Avant de demander une interdiction de publication discrétionnaire en vertu des dispositions du Code criminel, la poursuivante devrait tenir compte du principe de la publicité des débats judiciaires et des facteurs énoncés dans le Code criminel. Les interdictions de publication discrétionnaires ne sont demandées que dans des circonstances exceptionnelles, dans lesquelles les motifs peuvent être clairement énoncés.

La poursuivante, la victime ou le témoin doit présenter une demande écrite, avec avis à l'accusé, aux médias et à toute autre personne touchée. Le tribunal peut rendre l'ordonnance s’il est d'avis que l'ordonnance est dans l'intérêt de la bonne administration de la justice.

De même, avec avis aux médias et à toute autre personne touchée, des demandes écrites d’interdiction de publication peuvent également être faites en vertu de la common law.

Demandes de la victime de révoquer l’interdiction de publication

Il peut arriver qu'une victime de plus de dix-huit ans veuille révoquer l'interdiction de publication.

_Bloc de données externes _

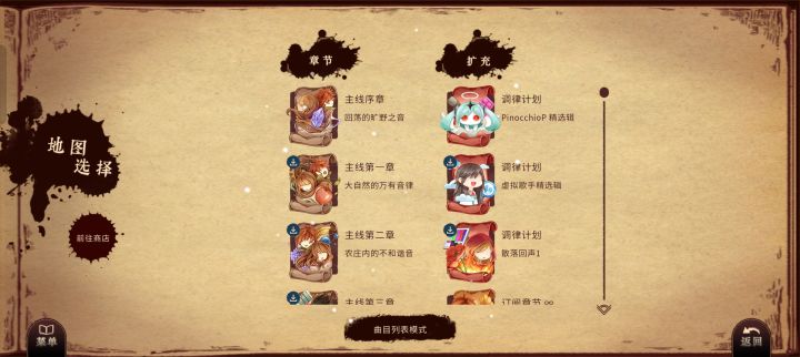 ①购买本体:序章+主线一~七章+扩充A——6元得65首②主线:第八章 68元得8首③支线:第一章/第二章 28元 6首——56元得12首④调律计划:散落回声1 28元 5首PinocchioP精选集 28元 3首虚拟歌手精选集 28元 5首——84元得13首⑤扩充章节:B~Z 28元 5首(p.s.D&Q为6首)——700元得127首⑥限时活动+商店兑换:基础兑换

Un juge a le pouvoir de lever l'interdiction de publication seulement lorsque la poursuivante et la victime consentent à révoquer l'interdiction. Avant de consentir à la révocation d’une interdiction de publication, la poursuivante devrait tenir compte de toutes les circonstances, notamment :

  • la nature de l’interdiction de publication et les circonstances de l’affaire
  • les souhaits de la victime
  • la question de savoir si la victime a eu l’occasion d’évaluer toutes les ramifications de la publication de son identité
  • la publication du nom de la victime pourrait avoir faciliter l’identification d’autres victimes ou témoins qui veulent bénéficier de la protection de l’interdiction de publication
  • la publication de l’identité de la victime pourrait nuire à la poursuite ou par ailleurs avoir un effet négatif sur l’administration de la justice.

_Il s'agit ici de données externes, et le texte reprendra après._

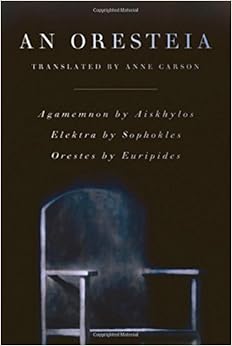 Anne Carson's An Oresteia (Aiskhylos' Agamemnon, Sophokles' Elektra, and Euripides' Orestes) is an ingenious idea that makes for a completely different trilogy than THE (Aiskhylos') Oresteia, and provides a sample of the style and voice of each of the three big Athenian tragedians. The "trilogy" spans events from Klytaimestra's discovery that Agamemnon is finally returning from Troy to the deus ex machina that resolves the outrageous standoff between Orestes, condemned to death for the matricide that avenged his father's death, and Menelaos, who has shrewdly declined to support him in the Argive assembly.Along with Carson's previous translations of four plays by Euripides (Grief Lessons: Four Plays by Euripides (New York Review Books Classics)), these are the most vivid, moving, and even shocking, translations of Greek tragedy I have ever read. Although I cannot read Greek and cannot offer any authoritative comment on the translations as such, my impression from studying other translations and their scholarly notes is that Carson's achievement in English is not at the expense of the Greek; indeed, far from it. Her own introductions to the plays are also marvels of insight and impact.Carson's rendering here of the extended exchange between Kassandra and the Chorus in Agamemnon is as hypnotic and simply visceral as any I know. The text is set on the page in striking arrangements (which I cannot reproduce in the review form) befitting the chaos of Kassandra's visions.

Ordonnances de mise sous scellés

Une ordonnance de mise sous scellés interdit l'accès à l'information par quiconque, autre que les parties désignées dans l'ordonnance. Une ordonnance de mise sous scellés peut être imposée par le Code criminel ou à la discrétion du tribunal.

Le Code criminel prévoit que tous les documents relatifs à une demande d’autorisation d’écoute électronique sont visés par une ordonnance de mise sous scellés obligatoire. Le Code criminel prévoit que le tribunal qui décerne un mandat de perquisition ou une autre ordonnance judiciaire peut sceller les documents à l’appui.

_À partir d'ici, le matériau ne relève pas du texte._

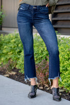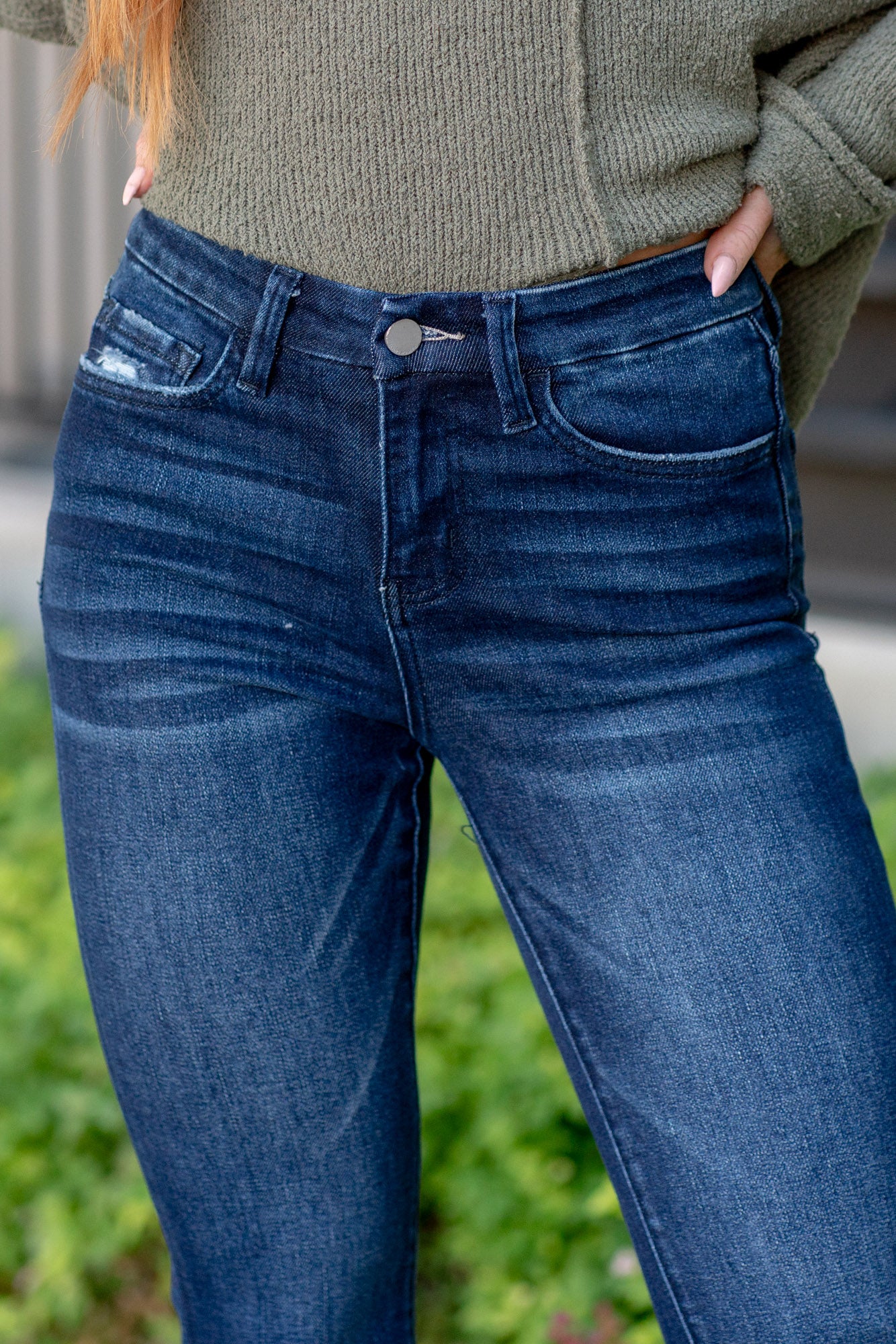 Introducing our Super High Rise Kick Flare Jeans in a rich dark blue wash. Crafted from Comfort Stretch Denim, these jeans feature a super high-rise waist for a flattering fit, a cropped length to keep you on-trend, distressed hem for a touch of edge, and a kick flare silhouette for a stylish finish. Elevate your denim game with this chic and comfortable piece.

Pour déterminer si une ordonnance de mise sous scellés devrait être demandée ou si une ordonnance de mise sous scellés existante devrait être levée, la poursuivante doit déterminer si l'ordonnance est nécessaire pour :

  • protéger une enquête policière en cours
  • protéger l’identité d’un dénonciateur confidentiel (il faut se reporter à la directive intitulée Indicateurs confidentiels)
  • protéger les techniques de collecte de renseignements
  • protéger les intérêts des parties innocentes
  • protéger les intérêts personnels.

La poursuivante doit également déterminer si une mise sous scellés partielle ou limitée dans le temps serait appropriée.

Pièces de la cour

Les documents judiciaires et les pièces du tribunal, y compris les déclarations des victimes, sont généralement accessibles au public [lien]. La poursuivante devrait chercher à restreindre l'accès chaque fois que l’accès du public aux pièces peut porter atteinte au droit à un procès équitable, violer la vie privée ou nuire à l'administration de la justice. Une ordonnance de mise sous scellés doit être demandée pour limiter l’accès aux pièces contenant de la pornographie juvénile.

Exclusion du public

Le Code criminel permet au tribunal d'ordonner l'exclusion du public de la salle d'audience pour la totalité ou une partie de l’instance criminelle. Pour déterminer si le public devrait être exclu de la salle d’audience, le tribunal est tenu d’envisager toutes les circonstances, y compris l’intérêt de la société à favoriser la dénonciation des infractions et la participation des victimes et des témoins à l’instance criminelle et la capacité du témoin de donner un compte rendu complet et franc.

Avant de demander une ordonnance d’exclusion du public, la poursuivante devrait déterminer si des solutions de rechange à l’ordonnance efficaces sont disponibles dans les circonstances. Il faut se reporter à la directive intitulée Aides au témoignage et accessibilité.